21. czzr ◴[14 May 25 22:31 UTC] No.43989863{3}[source]▶

>>43989611 #

Surely you see the difference between working in a development environment and working in production?

replies(1): >>43992193 #

22. tonymet ◴[14 May 25 23:09 UTC] No.43990138[source]▶

>>43985261 #

you haven't described the observations or the sample

replies(1): >>43990587 #

23. ericpauley ◴[15 May 25 00:24 UTC] No.43990587{3}[source]▶

>>43990138 #

TFA describes this extensively. The observations are traffic speed, bus timeliness, and over a dozen other metrics. The samples are sub-areas of NYC.

replies(1): >>43991948 #

24. notatoad ◴[15 May 25 01:26 UTC] No.43990930[source]▶

>>43984193 (TP) #

unfortunately, building a second NYC for the purposes of A/B testing isn't feasible.

but we have before and after data to compare - that's what this article is about. and the congestion pricing plan included requirements to publish data specifically for the purposes of comparison between last year and this year.

25. JumpCrisscross ◴[15 May 25 01:47 UTC] No.43991066{3}[source]▶

>>43985550 #

> randomly assigning some cities to institute congestion pricing, and other cities to not have it

Cities are stupidly heterogenous. These data wouldn't be more meaningful than comparing cities with congestion pricing to those without. (And comparing them from their congestion eras.)

replies(1): >>44006238 #

26. tonymet ◴[15 May 25 04:50 UTC] No.43991948{4}[source]▶

>>43990587 #

Anything negative ?

27. listenallyall ◴[15 May 25 05:47 UTC] No.43992193{4}[source]▶

>>43989863 #

The comment to which I replied was referring to the cost, not to the implementation

28. sorcerer-mar ◴[15 May 25 12:47 UTC] No.43994453{3}[source]▶

>>43985550 #

Everyone knows how you can conduct good experiments in a land of frictionless spherical cows.

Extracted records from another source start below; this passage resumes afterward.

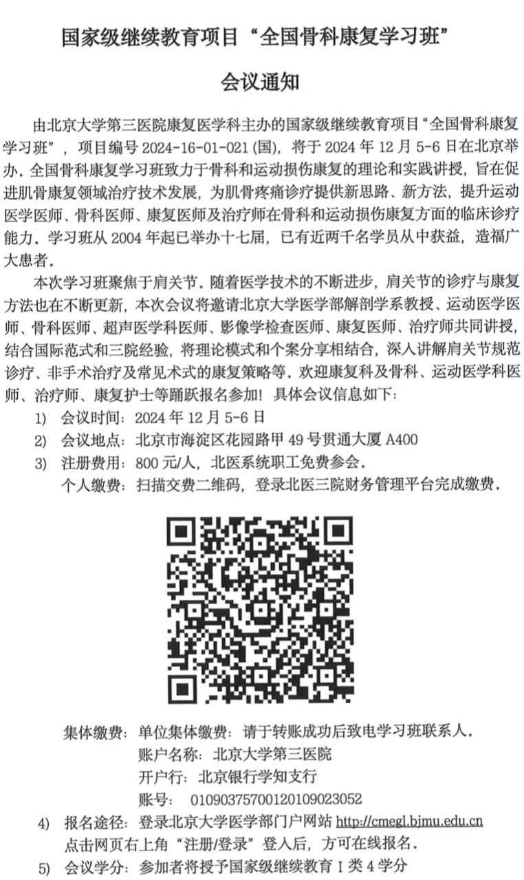 国家级继续教育项目『全国骨科康复学习班』第二轮会议通知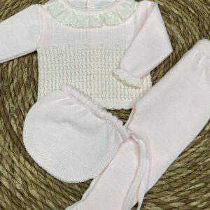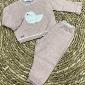 • Conjunto de lana ‘Pio pio’ rosa empolvado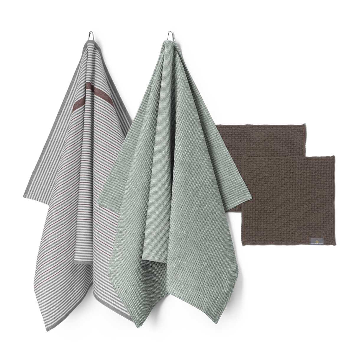 Kjøkkenpakke med 1 Comet oppvaskhåndkle og 1 1959 kjøkkenhåndkle i fargen Mineral Green, og 2 Nors kjøkkenkluter i Walnut.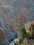 Дерево высотой 10—15 (до 25) м с диаметром ствола до 8—10 м. Корневая система мощная, с толстыми узловатым корнями, простирающимися на десятки (до 50) метров по поверхности почвы и на глубину около 2 м[5]. Кора розоватая, серая или красновато-коричневая, гладкая.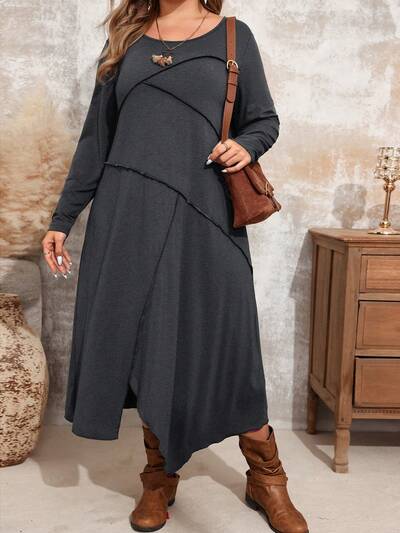 Plus Size Casual Round Neck Long Sleeve Fashionable Comfortable Fall Dress Winter Clothes For Women Cozy Fall And Winter Clothes For Women Country Style For Women Country Concert Outfit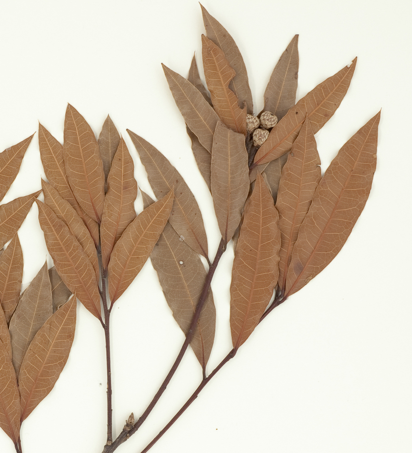Leaves | 6-10 (-15) cm x 1.5-3.5 cm; 5 to 6 times longer than wide; leathery; lanceolate to narrowly elliptical; apex acuminate, aristate; base cuneate or attenuate, seldom rounded; margin revolute, minutely crispate, entire; adaxially glossy, green without any shade of blue-green, hairless except sometimes a very scattered stellate pubescence at base of midrib; abaxially hairless except sometimes some stellate trichomes at base; 12-15 vein pairs, smooth or remotely raised above, prominent beneath, at an angle of 70-80° with the midrib, and connected each other before reaching the margin; petiole 2-6 mm long, glabrescent. |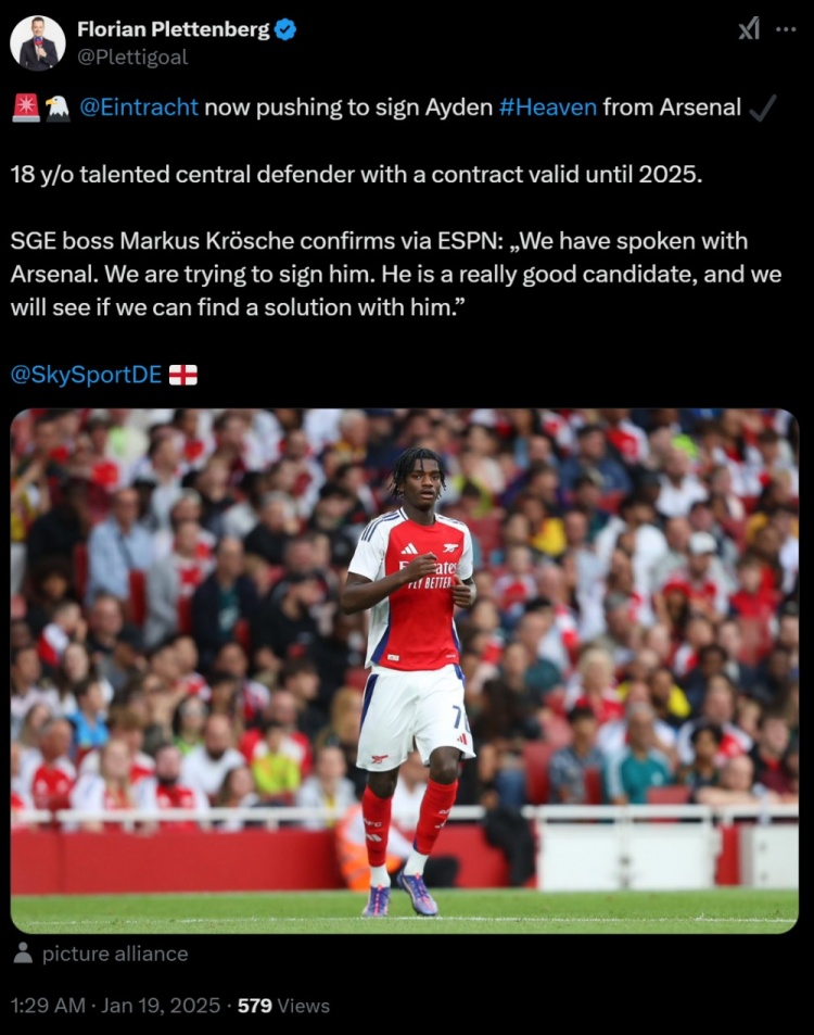 1月19日讯 法兰克福主帅托普默勒确认,俱乐部正在尝试签下阿森纳18岁中卫希文,球员的合同在本赛季结束后到期。

29. rsynnott ◴[15 May 25 15:57 UTC] No.43996358[source]▶

>>43984193 (TP) #

What a good idea. Simply build another Manhattan for the purpose.

30. bunderbunder ◴[16 May 25 14:54 UTC] No.44006238{4}[source]▶

>>43991066 #

What you're telling me here is that you aren't aware of what the randomization is for in randomized controlled trials.

"Our treatment units are stupidly heterogeneous" is exactly the problem it solves. A century's worth of developing increasingly sophisticated statistical techniques for making do without random assignment has thus far failed to accomplish anything than provisional mitigations that are notoriously easy to use incorrectly in practice.